Drones salvam vidas na frente de combate: medicina de guerra ucraniana reinventa-se sob fogo russo
O som de um alerta metálico ecoa pelos corredores subterrâneos de um hospital de campanha perto de Pokrovsk, no leste da Ucrânia. Em segundos, uma equipa de cirurgiões, anestesistas e enfermeiros prepara-se para receber mais um ferido vindo da frente. Nenhum sabe o estado do paciente que está prestes a entrar — apenas que se trata de um dos “casos vermelhos”, os mais críticos entre os combatentes ucranianos.

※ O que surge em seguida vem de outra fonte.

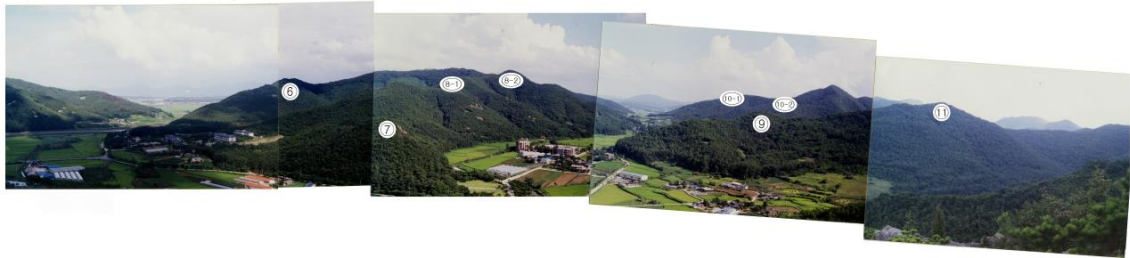
(6) 장다리봉 (7) 중앙봉 (8-1) 대파리봉 (8-2) 현재 익산 원불교 대학교에서 기도하고 있는 곳 (9) 눈썹 바위봉 (10-1)공동묘지봉 (10-2) 현재 영산 원불교 대학교에서 기도하고 있는 공동묘지봉 (11) 밤나무골봉
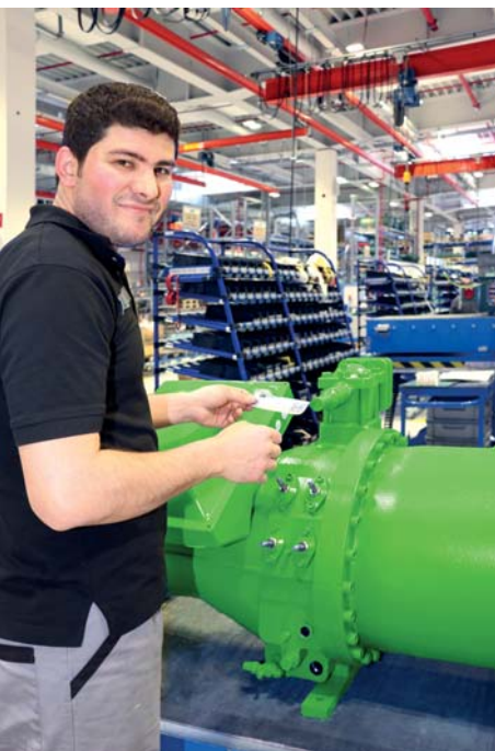
QR-код присваивается к каждому продукту BITZER для облегчения проверки подлинности и получения дополнительной информации.

ра маслом, его габаритным и присоединительным размерам, а также информацию о запасных частях и рекомендации по применению. При сканировании QR-кода можно также получить всю необходимую информацию о компрессоре непосредственно в программе подбора BITZER Software.
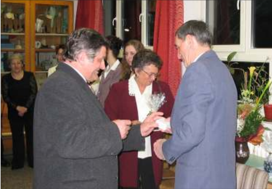
A búcsú egy pillanata.
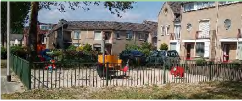
01 Klaproosplein kleine speelplek
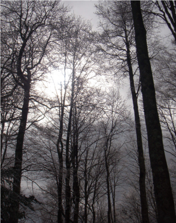
Hêtraie, l'hiver.

planches de coffrage et de charpentes. Les sous-produits résineux sont pour une partie destinés à la fabrication de pâte à papier. Plus récemment, avec la structuration de la filière bois-énergie et les aides publiques associées, plusieurs unités se sont installées dans la région (chaufferies-bois de collectivités, usine de cogénération à Mende), permettant ainsi la valorisation des produits d'éclaircie des plantations les plus récentes sous forme de plaquettes.
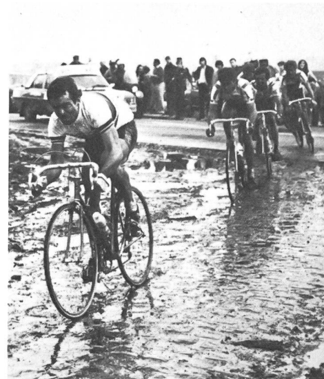
Bernard Hinault vincitore della Parigi-Roubaix del 1981: una corsa... infernale.

Ora è innegabile che taluni aspetti nascondono a questo riguardo dei pericoli troppo facili da enumerare: esasperazione della violenza o dell'aggressività collettiva, irresponsabilità dei tifosi dovuta al «transfer» che si opera, facendo dello sport il cosiddetto « oppio dei
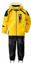
SPRAY POLLAGALLI 14.995 KR.
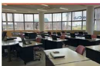
・教室風景 2 (面積-120m2)
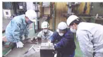
インターンシップ (10月)
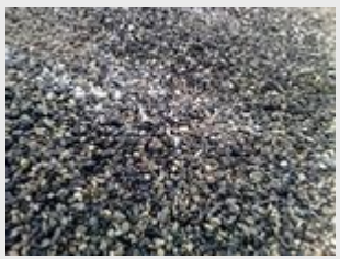
Gravillons à tranchées 5/15 recyclés

De acordo com o ‘El Español’, este posto de estabilização, operado pela 14ª Brigada Chervona Kalyna da Guarda Nacional, é o último ponto seguro antes da linha de contacto. Aqui chegam soldados com amputações, ferimentos de bala, queimaduras graves e artérias rasgadas. Muitos resistem durante dias até serem evacuados, pois as equipas médicas se tornaram alvos diretos das forças russas.
“A Rússia tem atacado sistematicamente as nossas ambulâncias e equipas médicas”, explica Bogdan, um dos cirurgiões. “Agora, somos um dos principais alvos. Quando um soldado é ferido, os russos posicionam drones e esperam até nos aproximarmos para atacar.”
A tática, que viola as convenções internacionais de guerra, obriga muitos feridos a permanecerem dias nas trincheiras, em sofrimento e risco de morte. Alguns chegam com infeções graves e até insetos nas feridas. “Estamos a enviar antibióticos e analgésicos por drones, mas não chega”, lamenta o médico.
A medicina adaptada ao campo de batalha
Para responder à escassez de meios e aos atrasos nas evacuações, os médicos ucranianos criaram o chamado tratamento prolongado no terreno. O protocolo inclui o envio de antibióticos, analgésicos e até bolsas de sangue para transfusões no local, tudo acompanhado à distância por videochamada.
Segundo a publicação espanhola, a ideia de transportar sangue por drone partiu do médico militar Ryzhenko “Sprite”, distinguido como o melhor médico de combate da Europa. “Começámos há oito meses. Se houver ligação via Starlink, conseguimos orientar todo o processo à distância”, explica o comandante Andrii. O sangue é preparado no posto, aquecido e entregue aos pilotos de drones Vampire, capazes de transportar até 15 quilos.
Estes drones — originalmente usados para missões de ataque — tornaram-se um elo vital da logística ucraniana. Além de sangue e medicamentos, transportam alimentos, água e munições para as posições mais expostas. “São o nosso serviço de entregas na linha da frente”, ironiza Bogdan.
Graças a estas operações, muitos feridos sobrevivem à chamada “hora cinzenta”, o breve período antes do amanhecer ou do anoitecer em que as evacuações são possíveis sem deteção pelos drones russos. O resto do tempo é passado em caves escuras e abafadas, onde as equipas médicas vivem sob ameaça constante de bombardeamento.
Alguns destes profissionais não veem as suas famílias há mais de um ano. “Essa é a parte mais difícil”, admite Tatiana, anestesiologista-chefe. “Aprendemos a improvisar, a adaptar-nos a cada doente sem saber o que nos espera. Mas cuidamos de cada vida como se fosse única.”
Apesar do cansaço e do perigo, os médicos garantem que nenhum paciente morre durante a fase de estabilização. “Todos sobrevivem aqui”, diz Bogdan. Depois, quando a noite volta a cair, esperam pelo próximo ferido — ou salvam vidas à distância, guiando transfusões em direto, enquanto os drones atravessam o céu cinzento de Donbass.